For the Union Dead
This is another mixed-bag theme. On the one hand, in "For the Union Dead," Lowell commends the soldiers and Colonel Shaw for their great sacrifice in the Civil War. They fought extremely hard and gave the ultimate sacrifice: their lives. "But for what?" Lowell seems to wonder. Well, one answer might be: for the Republic, and that was a success. But they also fought for equality. These recently freed black men wanted to fight alongside the white Union soldiers as equals, and they did, but as Lowell surveys the current state of Boston, he still feels the "servility" that was supposed to die a century ago. He also sees that the memorials for the Civil War have blended into the background.
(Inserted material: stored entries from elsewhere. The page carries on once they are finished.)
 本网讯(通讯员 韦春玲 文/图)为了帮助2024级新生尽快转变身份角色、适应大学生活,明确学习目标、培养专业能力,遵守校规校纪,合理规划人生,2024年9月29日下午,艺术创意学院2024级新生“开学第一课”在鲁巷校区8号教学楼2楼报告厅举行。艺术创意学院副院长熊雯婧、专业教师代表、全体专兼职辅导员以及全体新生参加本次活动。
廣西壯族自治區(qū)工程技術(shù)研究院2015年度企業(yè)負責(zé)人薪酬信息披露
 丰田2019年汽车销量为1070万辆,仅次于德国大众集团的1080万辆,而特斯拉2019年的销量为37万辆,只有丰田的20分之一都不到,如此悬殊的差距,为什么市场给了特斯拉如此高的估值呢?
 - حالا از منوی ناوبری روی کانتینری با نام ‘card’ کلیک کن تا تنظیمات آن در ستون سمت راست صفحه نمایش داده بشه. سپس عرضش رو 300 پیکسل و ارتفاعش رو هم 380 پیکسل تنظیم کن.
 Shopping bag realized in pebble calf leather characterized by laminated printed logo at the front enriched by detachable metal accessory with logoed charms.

Who will remember these guys for their sacrifices for our country? Well, at least for one, Robert Lowell will. It seems that this poem is trying to wake up the rest of the schmucks, and get them to recognize the same things.
Questions About Sacrifice
- What do you think is the biggest sacrifice in this poem? Is there more than one?
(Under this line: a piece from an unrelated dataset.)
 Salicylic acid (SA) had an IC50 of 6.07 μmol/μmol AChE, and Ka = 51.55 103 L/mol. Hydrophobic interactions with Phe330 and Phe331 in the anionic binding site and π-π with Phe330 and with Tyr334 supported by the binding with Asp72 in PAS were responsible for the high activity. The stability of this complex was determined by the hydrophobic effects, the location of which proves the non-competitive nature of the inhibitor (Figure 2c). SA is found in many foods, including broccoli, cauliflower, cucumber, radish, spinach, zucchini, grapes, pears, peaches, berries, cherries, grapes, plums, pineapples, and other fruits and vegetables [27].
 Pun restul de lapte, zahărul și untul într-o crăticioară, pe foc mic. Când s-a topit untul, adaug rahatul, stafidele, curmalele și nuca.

- According to this poem, was the sacrifice of the Union Dead worth it? Why?
- What has Boston sacrificed in undergoing all of the transformations we see in the poem?
- How is Colonel Shaw's sacrifice slightly different from that of his soldiers?
Chew on This
In keeping with the "everything's bad, everything's sad" tone of the poem, Lowell thinks the great sacrifice of the soldiers was completely wasted, and that everyone has forgotten them. Bad times.
The poem shows—and admires—the continued sacrifice of African Americans, from the Civil War to the Civil Rights movement.